PSC patients present inconsistent disease manifestations across several organs. There are also differences in age of onset, time to liver failure, and overall clinical outcome, including reoccurrence of PSC after transplant. These differences may define distinct PSC subtypes. We therefore need to better characterize the diverse phenotypes in the heterogeneous PSC population, This requires collection of new clinical data and interrogation of existing clinical data from a large patient cohort. We compare this data (e.g. disease severity, lab values, imaging results, comorbidities, therapeutic history) with patient family history, demographics and environmental/geographic factors (see below) to determine any contextual associations with PSC phenotypes.
Correlating genetic data from as many PSC patients as we can study with their particular phenotype may highlight pathway(s) critical for development of PSC phenotypes. We use exome (protein-coding portion of the genome) sequencing to fully understand the contribution of genetics to disease phenotype, including the role of rare variants. Deep sequencing of regions of interest (e.g. HLA loci) is another useful tool at our disposal to better understand the contribution of immune genetics to PSC pathogenesis. We employ family or pedigree-based analysis where possible to further inform broader population-based analyses.
PSC has been regarded as an autoimmune disorder, which is supported by its comorbidity with autoimmune diseases (IBD, AIH, SLE, other sclerotic conditions, etc). To determine if PSC is a classic T and/or B cell mediated “autoimmune” disease and understand the role of immune cells in PSC, we are performing immune repertoire sequencing in the lymphocyte compartments. We are also scanning for defects at the level of immune surveillance (sensors, e.g. TLRs), activation (e.g. cytokine signaling, costimulatory signaling, coinhibitory signaling, etc), antigen presentation, and response amplification. However, it is possible that PSC results from an understandable immune response to an external aggravator (injury, infection, cancer, etc). We therefore perform specimen screens to rule out rare parasitic infections and imbalances in the microbiome (discussed below).
A growing body of evidence suggests that disruption of the microbiome or of body spaces containing sub-microbiomes (e.g. dysregulated gut permeability) plays a role in PSC pathogenesis. A greater understanding of microbiome(s) in the context of PSC will potentially enable targeted therapies in this domain. We achieve this through profiling microbiome signatures in stool, bile and liver samples (and other body spaces as indicated, e.g. oral microbiome) in PSC patients, family and cohabitor controls, and overlapping and related disease groups through deep sequencing methods. We also correlate the results with phenotype information (discussed above)

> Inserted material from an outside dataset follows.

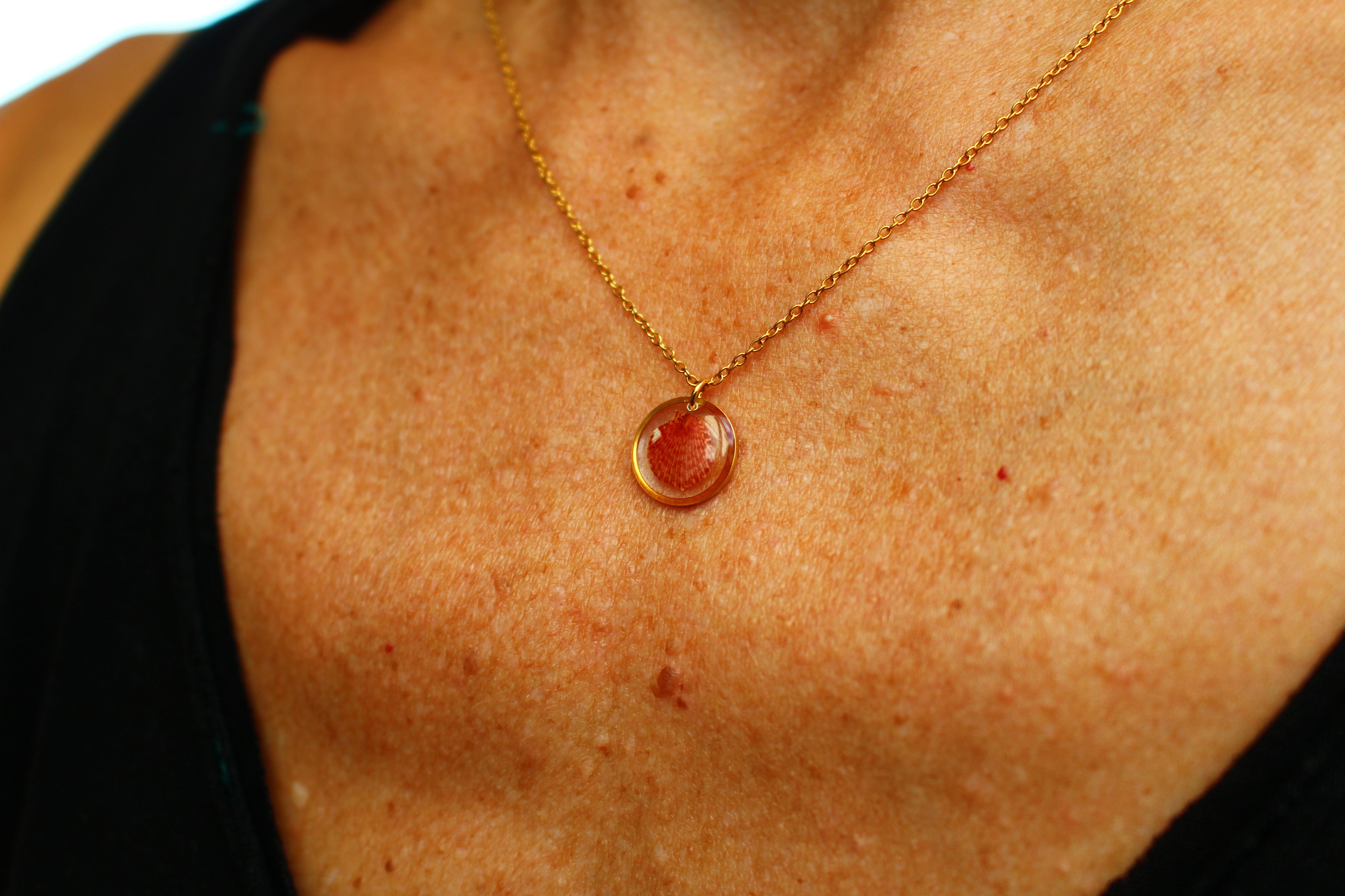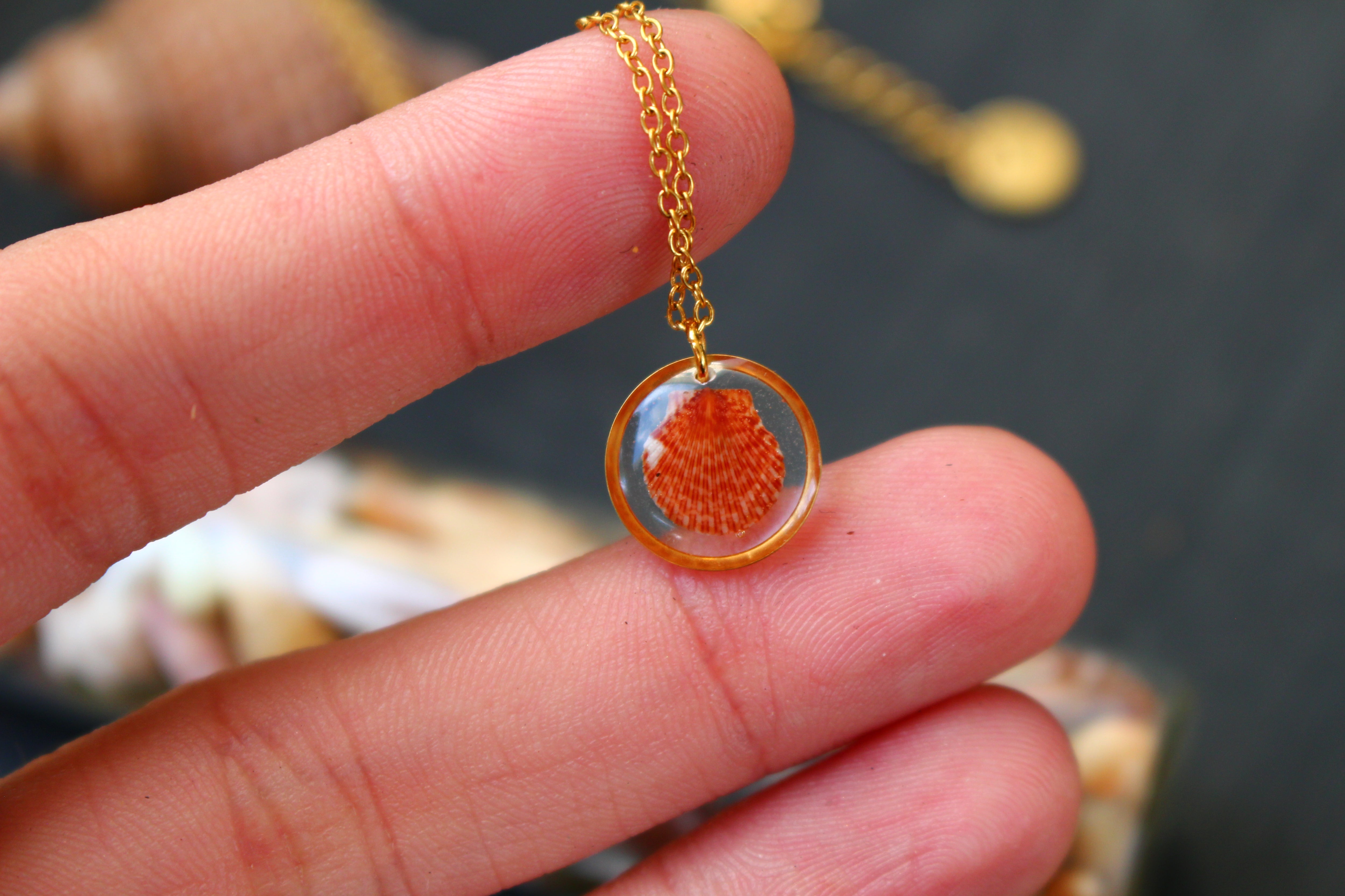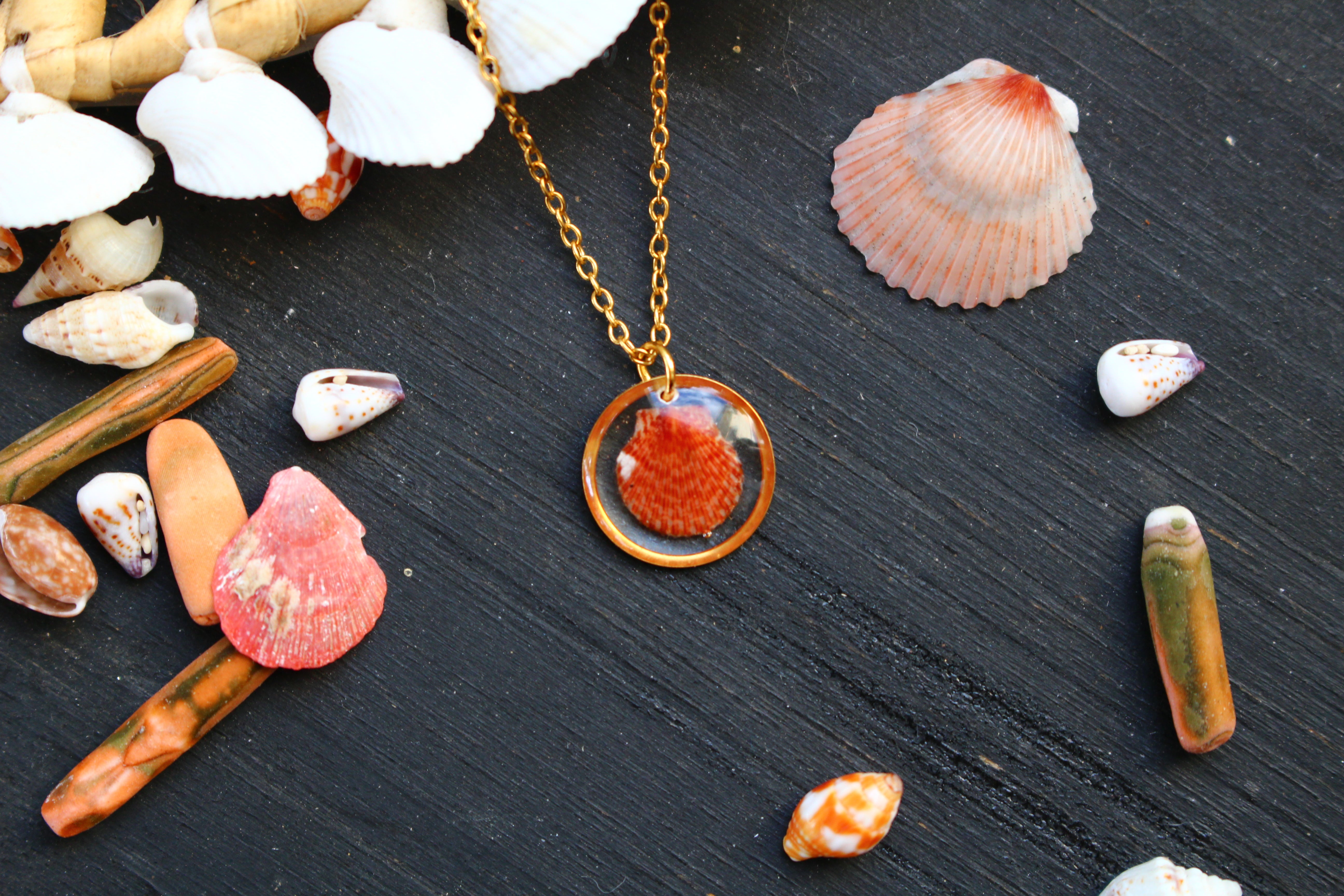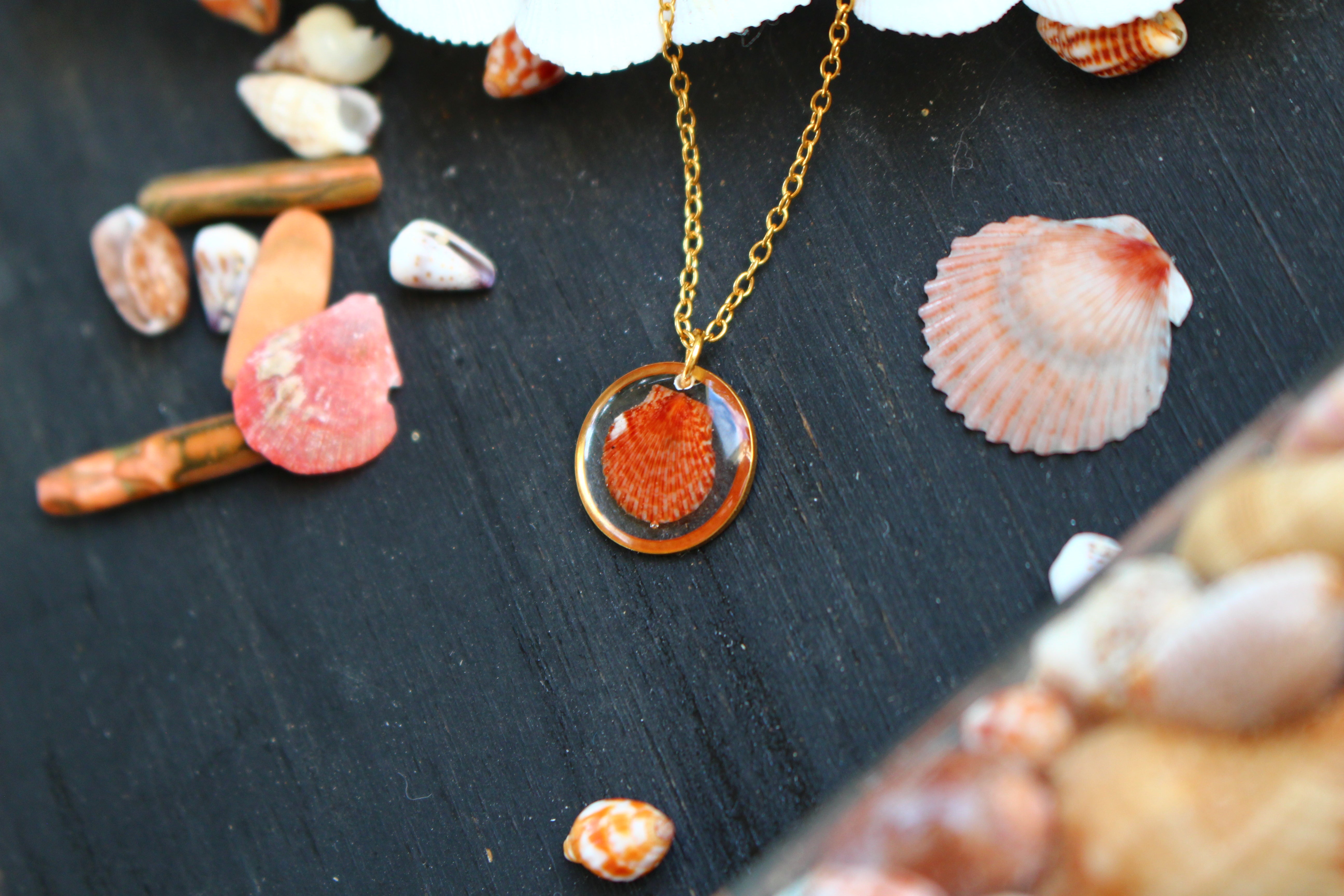 Collier composé d'un médaillon de 12mm de diamètre rempli de résine dans laquelle j'ai incrusté un joli coquillage, provenant de l'Île de la Réunion

PSC is characterized by sclerotic strictures within the biliary tree. It is possible that the wound healing process is corrupted in PSC or that enhanced fibrosis occurs as a result of defects in posttranslational cellular behaviors. We therefore compare the fibrotic behavior of cells from PSC patients with non-cirrhotic and non-PSC cirrhotic liver controls within in vitro systems. Fibrotic behavior is assessed through the matrix remodeling behavior of hepatocytes, biliary epithelial cells and liver-resident immune cells maintained in co-culture systems and/or exposed to appropriate microbial, cytokine or bile acid stimuli.

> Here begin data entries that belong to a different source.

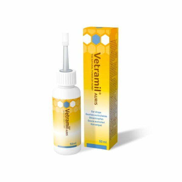 Vetramil Auris je edinstvena formula osnovana na medu za nego zunanje ušesne votline. Antioksidanti v medu pomirjajo občutljivo in pordelo kožo v ušesu. Pri vsakodnevnih težavah z ušesi je čiščenje ušes zelo pomembno. Vetramil Auris vsebuje propilen glikol, ki pomaga pri čiščenju ušes z raztapljanjem nakopičenega ušesnega masla. NE vsebuje zdravilnih učinkovin ali konzervansov. Kombinacija medu in propilen glikola pa preprečuje razrast bakterij, gliv in kvasovk.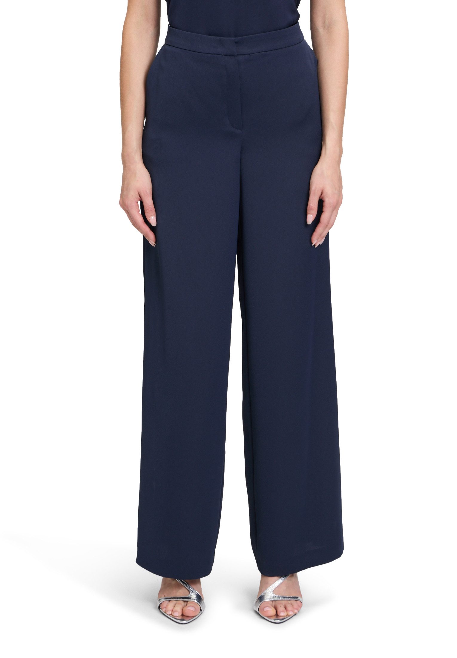 Diese Anzughose von Vera Mont verkörpert zeitlose Eleganz und schlichte Raffinesse. Aus hochwertigem Stoff gefertigt, bietet sie ein angenehmes Tragegefühl und eine perfekte Passform. Die lässige Silhouette verleiht der Hose eine moderne Note, während das Uni-Design sie vielseitig kombinierbar macht. Praktische Taschen verleihen der Hose eine funktionale Komponente, ohne dabei den femininen Charme zu vernachlässigen. Perfekt für einen eleganten Look im Büro oder für formelle Anlässe, diese Hose ist ein unverzichtbares Basic für jede Garderobe.
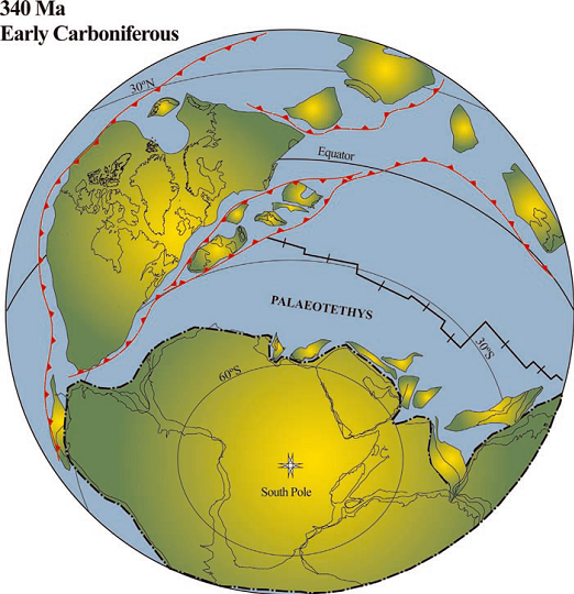 left shows position of the continents during Early Carboniferous times. From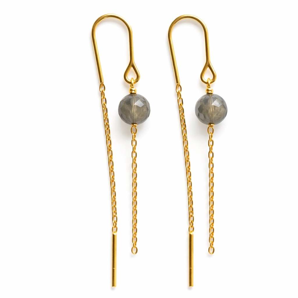 Forgyldte øreringe med facet røgkvarts perler og kæde.

There are differences in the characteristics of PSC populations from different geographical locations. Furthermore, some autoimmune disorders have been linked to environmental exposures (e.g. fire retardants, crystalline silica). Therefore, we assess demographic/geographic, lifestyle and occupational history information from PSC patients to screen for patterns of environmental exposure that warrant further investigation by epidemiology consultants.
Generation of new biomarkers for diagnosis and disease activity monitoring that can be measured relatively non-invasively will be critical for capturing PSC patients earlier in the evolution of their disease and for detecting response to therapies. The latter is critical for accelerating drug discovery in PSC; We are identifying new PSC biomarkers and improving lab-based assays for these, as well as working to integrate their use with imaging biomarkers.

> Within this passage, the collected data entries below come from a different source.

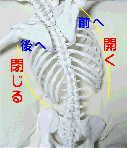正しい運動は骨盤が前傾気味で伸筋がやや緊張した状態で行われる。体重移動や回転運動がスムーズに出来る状態です。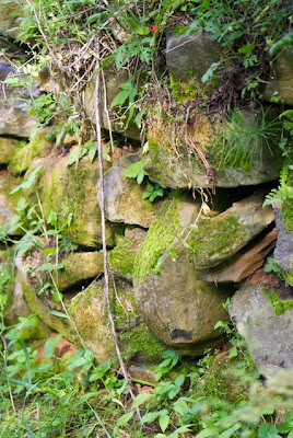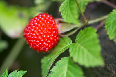 | 石垣の上の方に野イチゴはあった。 下の方にはワイルドストロベリーが植えてある。 |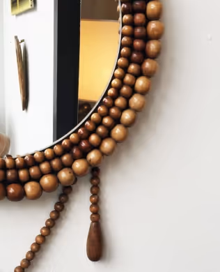 A wooden bead mirror.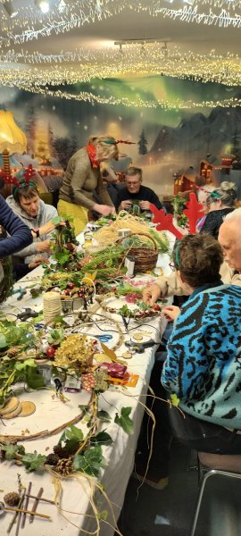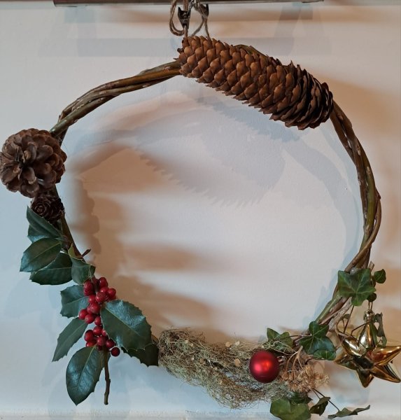 Chacun prépare et assemble les éléments (pignes, branches, boules, houx..) à fixer sur les cerceaux en osier. Chaque création est unique et personnalisée.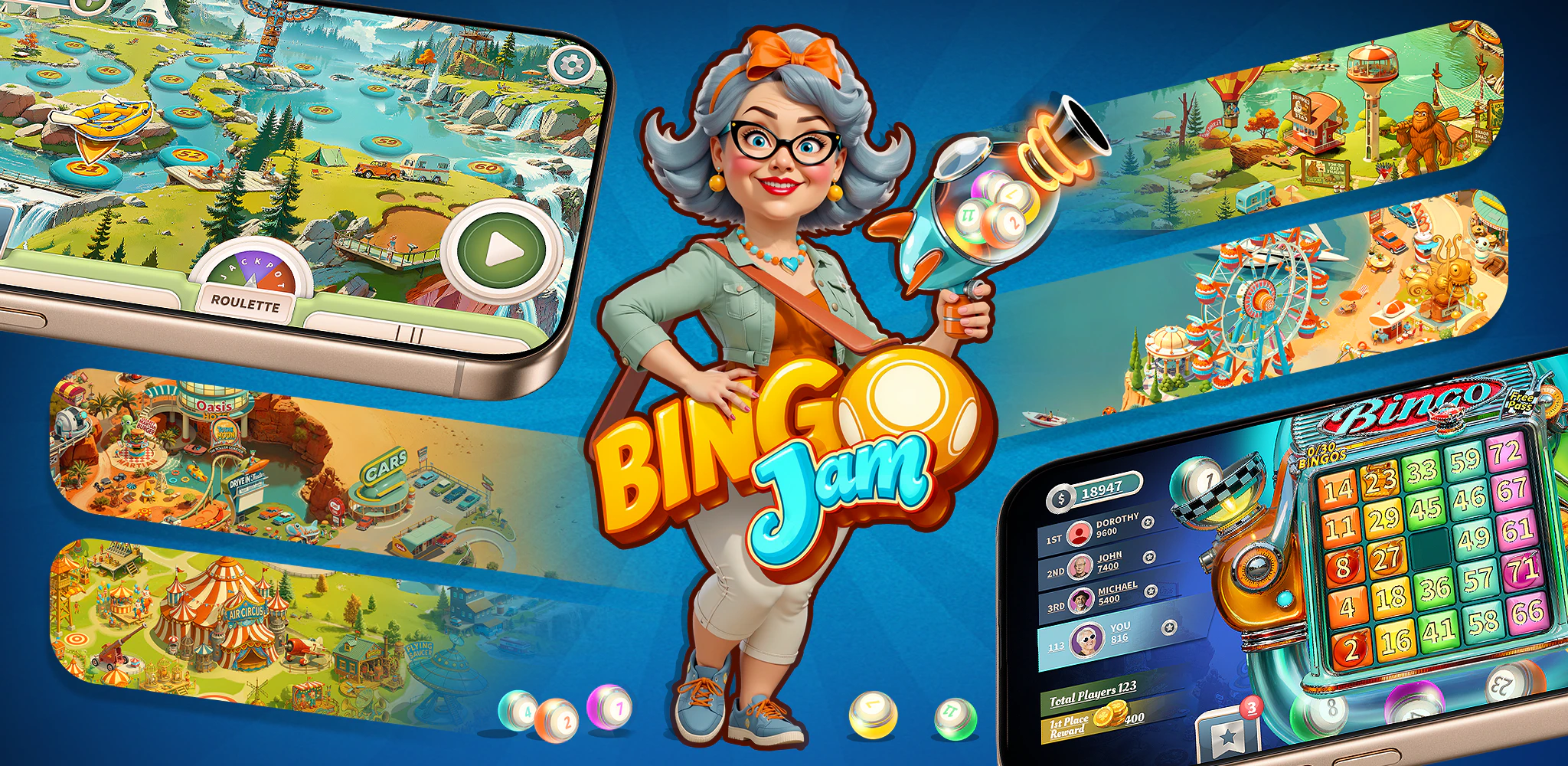 Bingo Jam is a retro 60s/70s USA travel bingo game built around constant competition. You play classic bingo, jump into dice-based mini-games (like board-game style races), climb leaderboards, and even build your own retro city! The game is packed with beautiful collections, fun easter eggs, and nods to classic movies. It’s truly free-to-play with no hard paywalls. You only use optional IAPs if you want to speed up progress.

Imaging is crucial for PSC diagnosis and monitoring. MR- and ultrasound-based elastography techniques are of considerable predictive value in patients with advanced fibrosis. The challenge in PSC is distinguishing fibrosis from severe inflammation, particularly in cases with comorbid AIH. Quantitative MR imaging and spectroscopy are beginning to resolve disease picture across the entire liver. We are working to bring such a tool to market for imaging biliary structures to detect PSC activity, response to therapy and potential cancers.